What you will do:
Transcription task. Write out each entry verbatim and exclude any image.
-- Opening Marker --
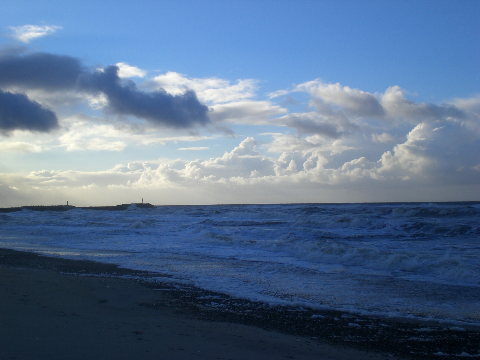Der Wetterbericht behielt in einem recht: Der Wind war wirklich ordentlich.  Wir packten uns alle dick ein und gingen runter zum Meer. Auch wenn es ziemlich stürmisch war, kam die Sonne hin und wieder heraus. Dazu war es ungewöhnlich mild heute. Die Temperatur lag bei über 10 Grad. Die Kinder spielten zufrieden und glücklich im Sand. Wir Erwachsenen trippelten etwas am Strand auf und ab, um dem Gefühl eines ausgedehnten Strandspazierganges zumindest ein bisschen näher zu kommen.
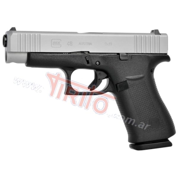 La pistola semiautomática GLOCK 48 es mono hilera, para que sea delgada y compacta para una mejor capacidad de ocultación interna. El sistema de disparo “Safe-Action” hace que disparar en situaciones estresantes sea infalible. El agarre de polímero de textura rugosa proporciona una sujeción sólida. La corredera presenta un acabado plateado PVD y estrías delanteras y traseras. El alza y guion de punto blanco proporcionan una adquisición rápida del objetivo en situaciones de poca luz.
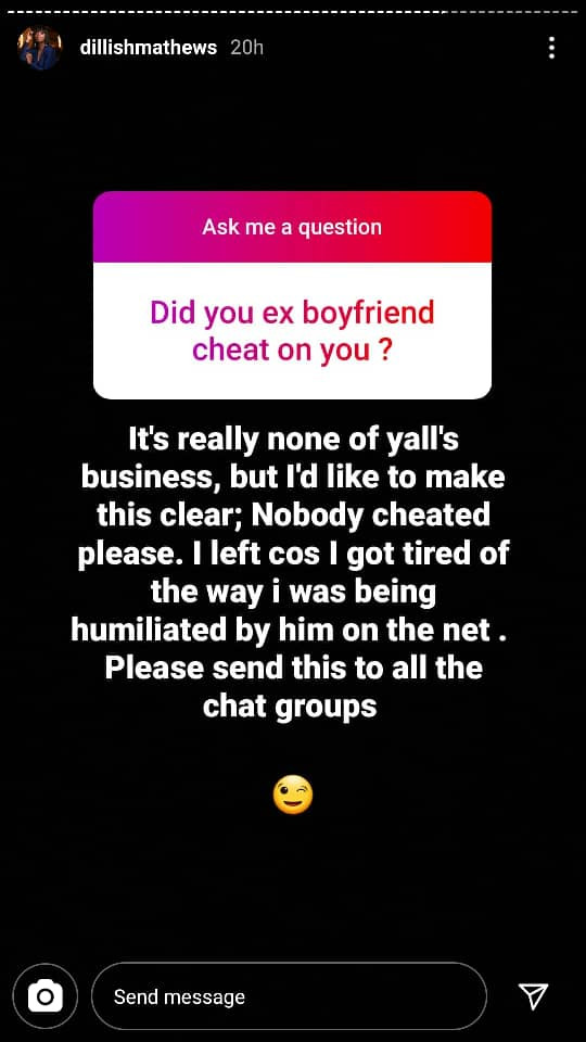 In her reply, Dillish said none of them cheated, but left the relationship because she got tired of being humiliated by the footballer on the internet.
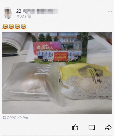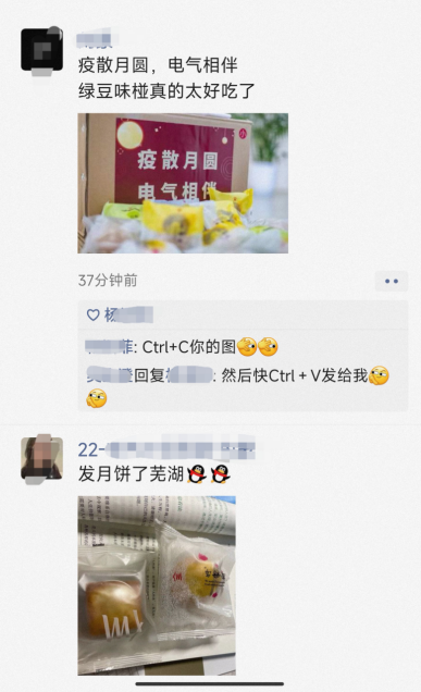 本科2022级邹玉菲:第一次离家千里过中秋,拿到的第一个月饼就是咱们Fun88乐天堂 为同学们准备的。第一件事就是拍照发朋友圈炫耀哈哈哈哈哈。封校以来,虽然和老师同学们的见面少了,但线上的联络关心却一直没断过。从开学发的电子闹钟,到封校发的饭盒,再到中秋发的月饼,真的让我感受到了温暖与感动。疫情只能关上校门,却关不上咱电气人的心门!
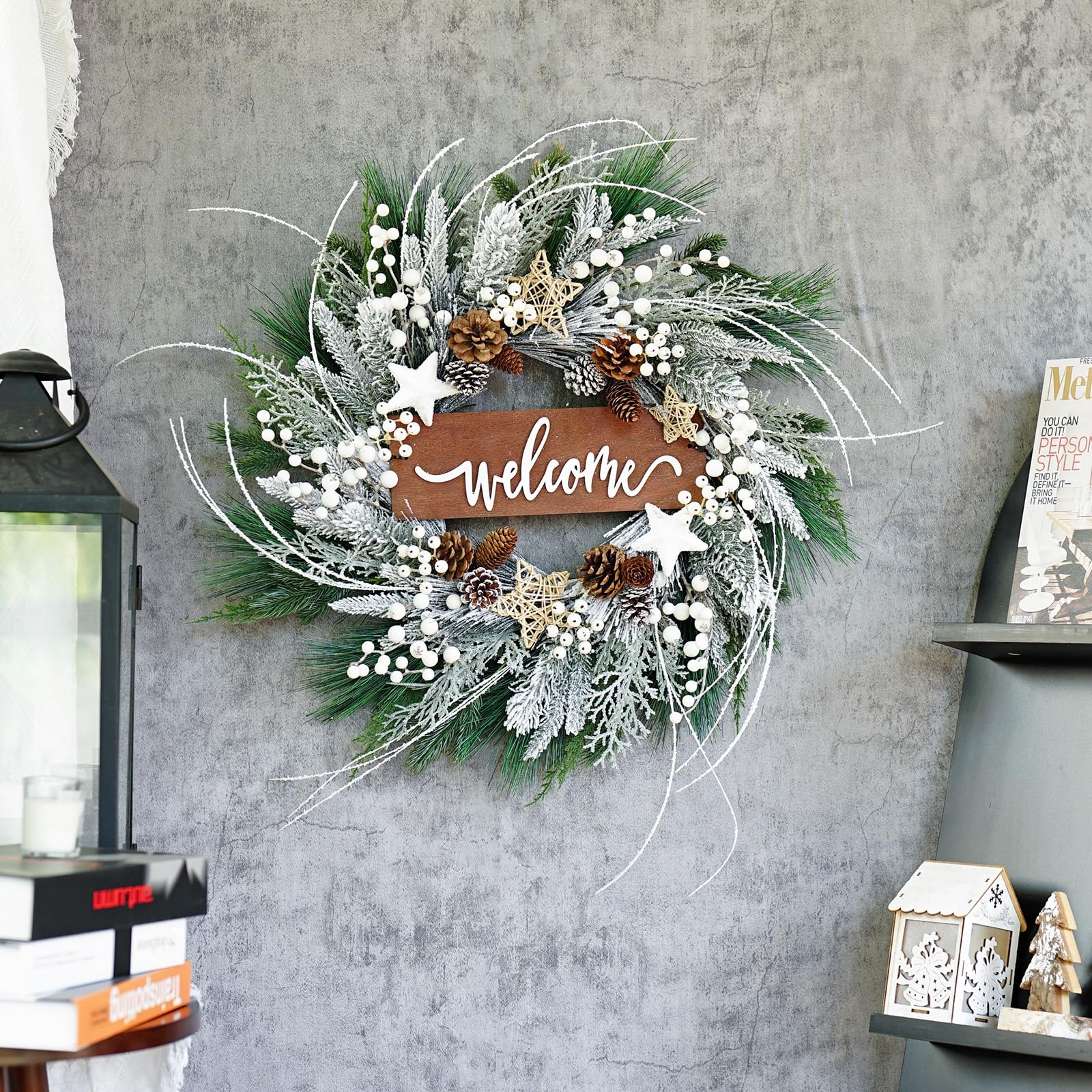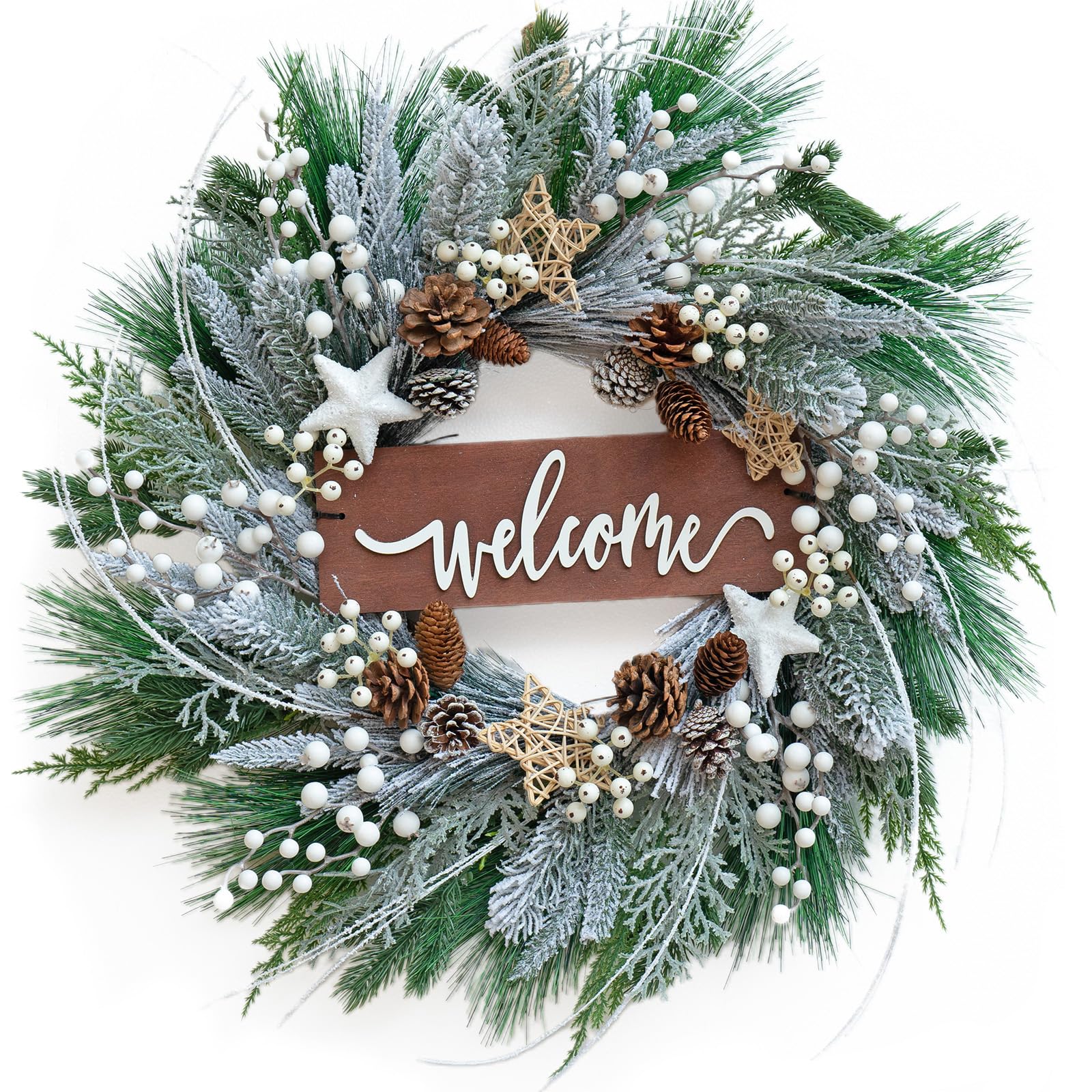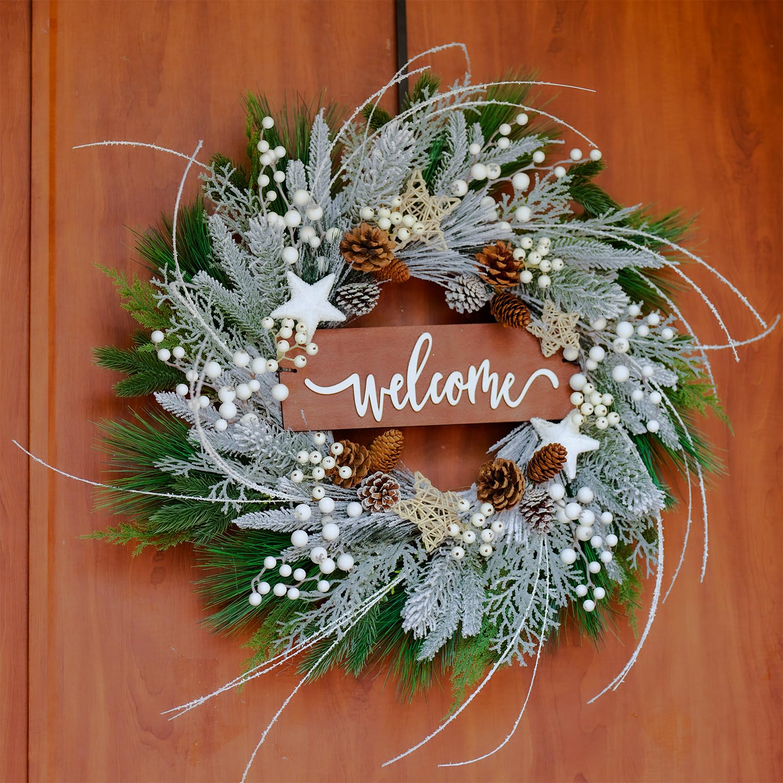- Unique Christmas Door Wreath:The Christmas wreaths for front door is based on green and white pine needles, adorned with white berries of varying sizes and brown pine cones. It features an eye-catching "Welcome" wooden logo in the center. This simple but exquisite design makes this greener wreath a bright landscape on the front door, instantly enhancing the festive atmosphere
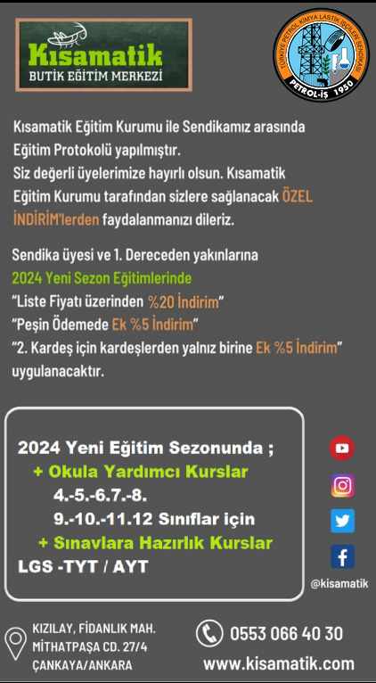 Üyelerimiz ve birinci derece yakınlarının uygun fiyatlarla eğitim hizmeti alabilmesi konusunda Kısamatik Butik Eğitim Merkezi ile Ankara Şubemiz arasında kurumsal anlaşma yapıldı. Anlaşma Ankara Şube Yönetimimiz ve Kısamatik Butik Eğitim Merkezi yetkilileri arasında imzalandı. Detaylı bilgiye sendikamızın web sayfası Kurumsal Anlaşmalar bölümünden ulaşabilirsiniz.
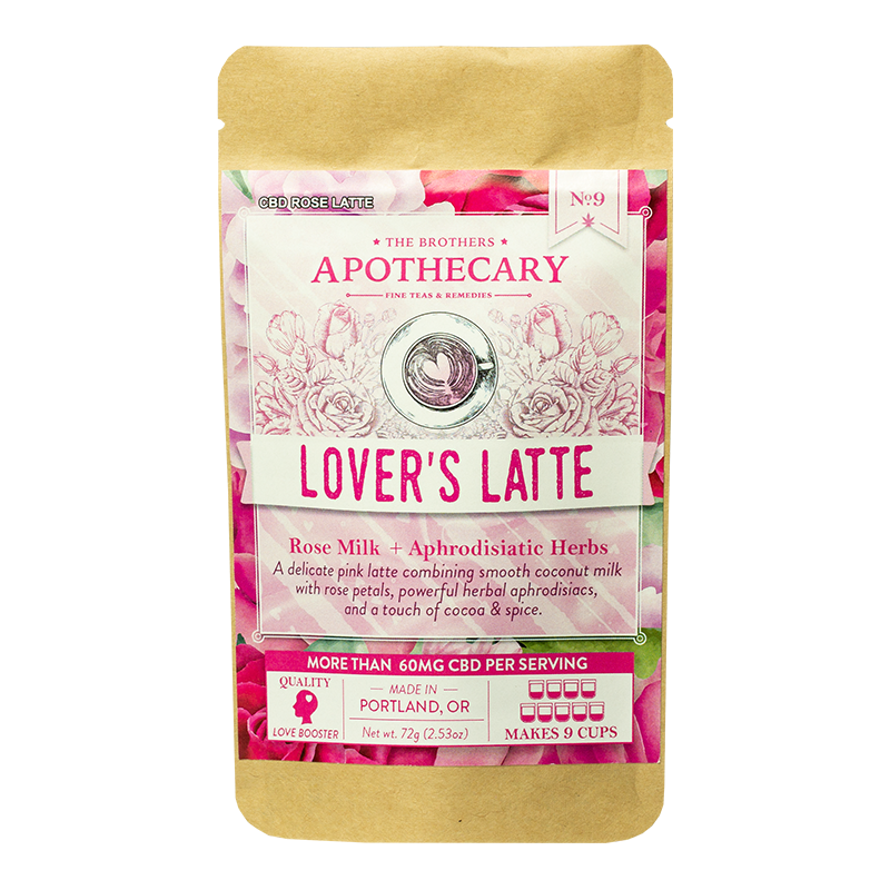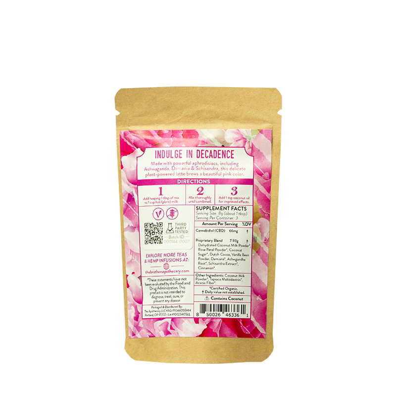 Lover's Latte is a unique, floral, low-caffeine superfood latte. Its flavor is subtle and sweet, with notes of rose petals, coconut, cocoa, and a hint of cinnamon. Its delicate, mildly sweet taste pairs especially well with milk alternatives (water is not recommended). This CBD latte mix can also be whisked in a small bowl with milk or a milk alternative, then poured over milk and ice for a delicious iced rosé latte.
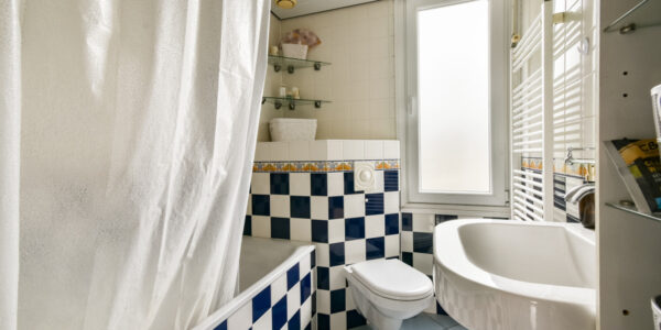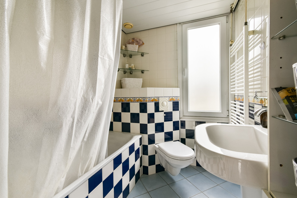 De badkamer is compleet uitgevoerd en voorzien van een ligbad met douchecombinatie, een hangend toilet, een wastafelmeubel en een handdoekradiator.
-- Closing Marker --
Reply to the task:
Der Wetterbericht behielt in einem recht: Der Wind war wirklich ordentlich.  Wir packten uns alle dick ein und gingen runter zum Meer. Auch wenn es ziemlich stürmisch war, kam die Sonne hin und wieder heraus. Dazu war es ungewöhnlich mild heute. Die Temperatur lag bei über 10 Grad. Die Kinder spielten zufrieden und glücklich im Sand. Wir Erwachsenen trippelten etwas am Strand auf und ab, um dem Gefühl eines ausgedehnten Strandspazierganges zumindest ein bisschen näher zu kommen.
 La pistola semiautomática GLOCK 48 es mono hilera, para que sea delgada y compacta para una mejor capacidad de ocultación interna. El sistema de disparo “Safe-Action” hace que disparar en situaciones estresantes sea infalible. El agarre de polímero de textura rugosa proporciona una sujeción sólida. La corredera presenta un acabado plateado PVD y estrías delanteras y traseras. El alza y guion de punto blanco proporcionan una adquisición rápida del objetivo en situaciones de poca luz.
 In her reply, Dillish said none of them cheated, but left the relationship because she got tired of being humiliated by the footballer on the internet.
 本科2022级邹玉菲:第一次离家千里过中秋,拿到的第一个月饼就是咱们Fun88乐天堂 为同学们准备的。第一件事就是拍照发朋友圈炫耀哈哈哈哈哈。封校以来,虽然和老师同学们的见面少了,但线上的联络关心却一直没断过。从开学发的电子闹钟,到封校发的饭盒,再到中秋发的月饼,真的让我感受到了温暖与感动。疫情只能关上校门,却关不上咱电气人的心门!
- Unique Christmas Door Wreath:The Christmas wreaths for front door is based on green and white pine needles, adorned with white berries of varying sizes and brown pine cones. It features an eye-catching "Welcome" wooden logo in the center. This simple but exquisite design makes this greener wreath a bright landscape on the front door, instantly enhancing the festive atmosphere
 Üyelerimiz ve birinci derece yakınlarının uygun fiyatlarla eğitim hizmeti alabilmesi konusunda Kısamatik Butik Eğitim Merkezi ile Ankara Şubemiz arasında kurumsal anlaşma yapıldı. Anlaşma Ankara Şube Yönetimimiz ve Kısamatik Butik Eğitim Merkezi yetkilileri arasında imzalandı. Detaylı bilgiye sendikamızın web sayfası Kurumsal Anlaşmalar bölümünden ulaşabilirsiniz.
 Lover's Latte is a unique, floral, low-caffeine superfood latte. Its flavor is subtle and sweet, with notes of rose petals, coconut, cocoa, and a hint of cinnamon. Its delicate, mildly sweet taste pairs especially well with milk alternatives (water is not recommended). This CBD latte mix can also be whisked in a small bowl with milk or a milk alternative, then poured over milk and ice for a delicious iced rosé latte.
 De badkamer is compleet uitgevoerd en voorzien van een ligbad met douchecombinatie, een hangend toilet, een wastafelmeubel en een handdoekradiator.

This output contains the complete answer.